Today's Paper Latest Coronavirus The Article iPad Core Values Weather Newsletters Obits Puzzles Archive Story ideas

2 planets to light up night like a star

Some say rarity guided wise men by Neal Earley | December 20, 2020 at 5:31 a.m.
A statue of a Kansa Indian stands atop the Kansas Statehouse in Topeka as Saturn (top) and Jupiter (below) are seen Saturday, Dec. 19, 2020. The two planets are drawing closer to each other in the sky as they head toward a "great conjunction" on Monday, Dec. 21, where the two giant planets will appear a tenth of a degree apart.

The astronomical event that guided the three wise men will appear in the night sky Monday for the first time in about 800 years -- at least that is what the name of it implies.

The "Christmas Star" as some have dubbed it, is not a star but rather the conjunction of the solar system's two largest planets -- Jupiter and Saturn. The two gas giants will be the closest they have been to each other in about 400 years and will be visible for the first time in the night sky in roughly 800 years.

The planets will appear to be so close together they may look like a big, bright star in the night sky.

"It helps put the thing into perspective sometimes," said Darrell Heath, the outreach coordinator for the Central Arkansas Astronomical Society. "Just by engaging in science, it can help people think, I guess, in more critical ways than they might otherwise."

Since the conjunction is happening Dec. 21, just before Christmas, some have dubbed it the "Christmas Star." There are several theories as to what the Star of Bethlehem from the Bible was, with some believing it could have been a conjunction of two planets like the one happening this week or, perhaps, a supernova.

While the orbits of Jupiter and Saturn cross paths about every 20 years, the appearance of the Jupiter and Saturn conjunction is made possible thanks to a series of rare factors.

"Each of the planets does have a little tilt in the axis of its orbit with respect to the other planets," said Daniel Kennefick, a physicist at the University of Arkansas, Fayetteville. "And it just so happens that for them to line up perfectly -- the tilt in our orbit and the tilt in the other two planets' orbits have to line up perfect."

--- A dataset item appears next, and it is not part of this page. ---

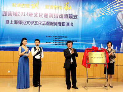 5月22日下午,“上海师范大学文化志愿服务基地”揭牌仪式在奉贤区四团镇社区文化活动中心剧场举行,我校副校长高建华出席揭牌仪式并讲话。学校办公室、奉贤校区两委会、保卫处、教务处、后勤实业中心以及音乐学院师生参加了此次活动。

The planets will be at their closest on Monday, but anyone with a view of the night sky can watch the planets gradually move closer each night.

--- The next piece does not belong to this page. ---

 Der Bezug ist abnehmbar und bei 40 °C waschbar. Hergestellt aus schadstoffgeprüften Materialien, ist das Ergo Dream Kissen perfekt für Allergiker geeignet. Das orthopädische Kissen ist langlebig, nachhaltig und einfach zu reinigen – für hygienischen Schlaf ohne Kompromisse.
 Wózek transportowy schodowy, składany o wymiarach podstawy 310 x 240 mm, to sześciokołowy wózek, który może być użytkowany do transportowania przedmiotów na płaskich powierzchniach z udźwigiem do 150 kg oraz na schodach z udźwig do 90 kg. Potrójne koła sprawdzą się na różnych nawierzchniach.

To get a look at the Christmas Star requires an unobstructed view of the southwest horizon. In Arkansas, it will be just above the horizon right after sunset around 5 p.m. Monday. The star will be visible in the sky for about an hour before it dips below the horizon.

Jupiter will appear to be the brightest "star" in the sky over the southwest horizon, and Saturn will appear next to it on the left side.

If the weather is clear, stargazers should be able to view the conjunction with the naked eye, but it will help to have binoculars or a telescope, Heath said. With a telescope, it may be possible to make out the stripes on Jupiter and Saturn's rings.

"It's interesting that you get both of these objects together in a single field of view with the eyepiece of a telescope," Heath said. "That's not something you often get -- two planets for one view."

However, Dec. 21 is not the only night the planets will be visible. Each night, the planets appear to move nearer to each other, including tonight when they will be close.

On Monday, they will be at their closest at just a tenth of a degree apart.

After Monday, the planets will gradually appear to drift apart gradually.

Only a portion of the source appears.